A integração entre soja, milho, cana-de-açúcar, algodão, feijão e pecuária permite reduzir a dependência de uma única cadeia produtiva e oferece maior flexibilidade na gestão operacional e na alocação de capital.
Diversificação reduz exposição aos ciclos do mercado
O modelo tem ganhado espaço especialmente entre grandes grupos agrícolas, que passaram a estruturar operações mais amplas e integradas para enfrentar ciclos distintos de mercado.
A BrasilAgro, uma das principais empresas brasileiras do setor de propriedades agrícolas, é um exemplo desse movimento. A companhia atua em diferentes frentes produtivas, combinando desenvolvimento de terras, produção agrícola e gestão ativa de ativos biológicos, com operações em grãos, cana-de-açúcar e pecuária.
Os resultados recentes da empresa mostram como a diversificação pode ajudar a equilibrar receitas em cenários distintos de mercado.

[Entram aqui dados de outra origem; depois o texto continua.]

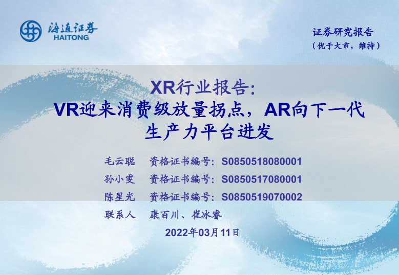 【海通证券】【20220311】XR行业报告:VR迎来消费级放量拐点,AR向下一代生产力平台进发-42页

Soja e milho compensam queda na receita da cana
Nos nove primeiros meses do ano-safra 2025/26, a BrasilAgro registrou receita líquida total de R$ 637,3 milhões. Desse montante, R$ 635,8 milhões vieram da operação agrícola.
A soja liderou o faturamento da companhia, com receita de R$ 277,4 milhões, seguida pela cana-de-açúcar, com R$ 164,1 milhões, e pelo milho, que gerou R$ 61,9 milhões.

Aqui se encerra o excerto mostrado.